We find that more than half of enrollees with OUD had a co-occurring SUD, and the most prevalent co-occurring SUD was for "other psychoactive substances", indicated among about one-quarter of enrollees with OUD in each state. We also find some substantial gaps in MOUD treatment receipt and engagement for individuals with OUD and a co-occurring SUD, a group representing more than half of individuals with OUD. In most states, enrollees with OUD and alcohol, cannabis, or amphetamine use disorder are significantly less likely to receive MOUD compared to enrollees with OUD only. In contrast, enrollees with OUD and other psychoactive SUD were significantly more likely to receive MOUD treatment.
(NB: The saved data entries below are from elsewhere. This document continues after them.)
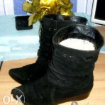 сапожки натуральный замш на меху удобные. состояние на 4. очень удобная танкетка. теплые. не скользкие. зима. на размеры 39-40. на широкую голень. смотрите у меня в лотах их а также много вещей модных...
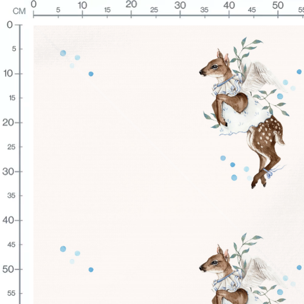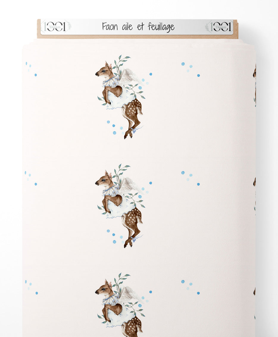 Le faon porte des ailes blanches et un collier bleu. Des feuilles vertes entourent l'animal, ajoutant une touche naturelle. Des points bleus dispersés complètent le motif.Les tissus
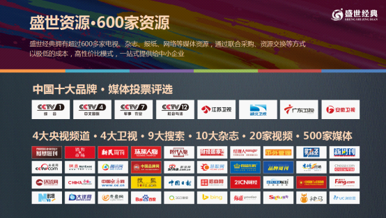 作為一家為企業(yè)提供創(chuàng)造性品牌整合營銷解決方案的專業(yè)品牌策劃機(jī)構(gòu),盛世經(jīng)典整合央視CCTV-1、CCTV-2、CCTV-3等12個(gè)頻道;湖南衛(wèi)視、重慶衛(wèi)視、浙江衛(wèi)視等20多家地方衛(wèi)視頻道;百度、360、搜狗等9大搜索引擎;《環(huán)球人物》、《中國企業(yè)家》、《財(cái)經(jīng)國家周刊》等10多家紙質(zhì)媒體;騰訊視頻、愛奇藝、優(yōu)酷網(wǎng)等50多家視頻網(wǎng)站;《新浪家居》、《騰訊家居》、《今日頭條》、《搜狐網(wǎng)》等500多家網(wǎng)絡(luò)媒體;抖音、快手、映客等新媒體主流平臺,通過聯(lián)合采購、資源交換等方式,以極低的成本、高性價(jià)比的模式,助力企業(yè)輕松實(shí)現(xiàn)“企業(yè)形象瞬間提升70%”的目標(biāo)。
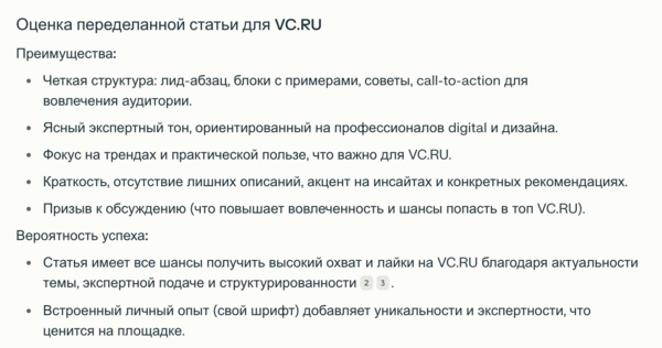 Статья для vc.ru стала более профессиональной с точки зрения тона и более уверенной, при этом сохранила прямой диалог с читателем. Она попала в поле зрения аудитории, о чём свидетельствуют просмотры. Однако статья не получила большого отклика и лайков, поскольку аккаунт был создан недавно и ещё не успел зарекомендовать себя.
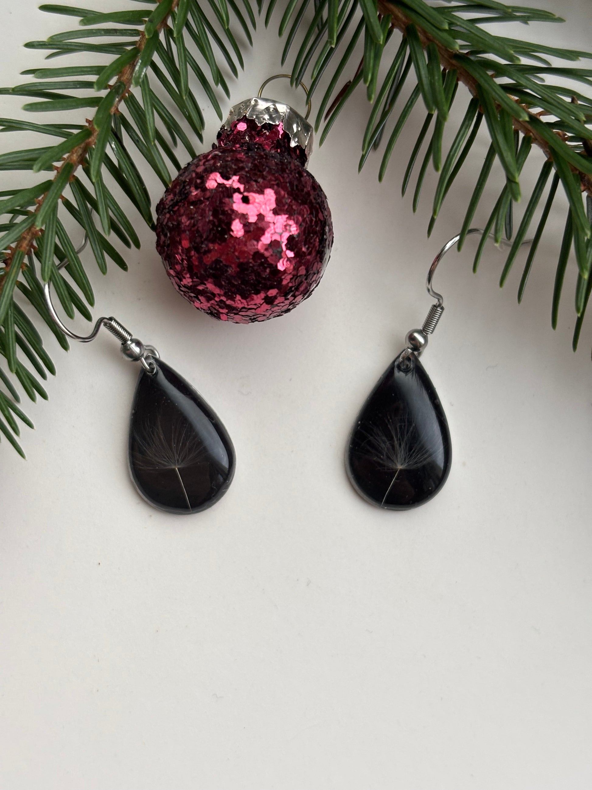 Handgemaakte oorbellen van echte bloemen – paardenbloempluis in epoxyhars

Conditional on MOUD receipt, enrollees with co-occurring SUDs had 10 % to 50 % lower odds of having a 180-day period of continuous MOUD treatment, an important predictor of better patient outcomes. Associations with concurrent receipt of MOUD and behavioral counseling were mixed across states and varied depending on co-occurring SUD type.

CONCLUSIONS

Overall, ongoing progress toward increasing access to and quality of evidence-based treatment for OUD requires further efforts to ensure that individuals with co-occurring SUDs are engaged and retained in effective treatment. As the opioid crisis evolves, continued changes in drug use patterns and populations experiencing harms may necessitate new policy approaches that more fully address the complex needs of a growing population of individuals with OUD and other types of SUD.

摘要

引言

阿片类药物危机正在向多药滥用危机转变,同时患有物质使用障碍(SUD)的个体通常具有独特的临床特征和影响治疗需求、治疗参与度、治疗计划复杂性和治疗保留率的环境障碍。

方法

本回顾性队列研究使用来自参与分布式研究网络的四个州的 2017-2018 年 Medicaid 数据,记录了有阿片类药物使用障碍(OUD)诊断的 Medicaid 参保者中特定类型共病 SUD 的流行程度,并评估了不同 SUD 表现与差异模式的美沙酮维持治疗(MOUD)和心理社会治疗之间的关联程度。

结果

我们发现,超过一半的 OUD 参保者有共病 SUD,最常见的共病 SUD 是“其他精神活性物质”,在每个州约有四分之一的 OUD 参保者中存在这种情况。我们还发现,OUD 患者的 MOUD 治疗接受和参与存在一些严重差距,这些患者占 OUD 患者的一半以上。在大多数州,与仅患有 OUD 的患者相比,患有 OUD 和酒精、大麻或安非他命使用障碍的患者接受 MOUD 的可能性显著降低。相比之下,患有 OUD 和其他精神活性 SUD 的患者更有可能接受 MOUD 治疗。在接受 MOUD 治疗的情况下,患有共病 SUD 的患者有 10%至 50%的可能性在 180 天内持续接受 MOUD 治疗,这是患者预后更好的一个重要预测指标。在各州之间,与同时接受 MOUD 和行为咨询相关的结果是混合的,并且取决于共病 SUD 的类型而有所不同。

结论

总的来说,要实现增加 OUD 获得治疗机会和提高治疗质量的持续进展,需要进一步努力确保共病 SUD 患者参与并保留在有效的治疗中。随着阿片类药物危机的演变,药物使用模式的不断变化和受危害人群的变化可能需要新的政策方法,以更充分地满足不断增长的 OUD 患者和其他类型 SUD 患者的复杂需求。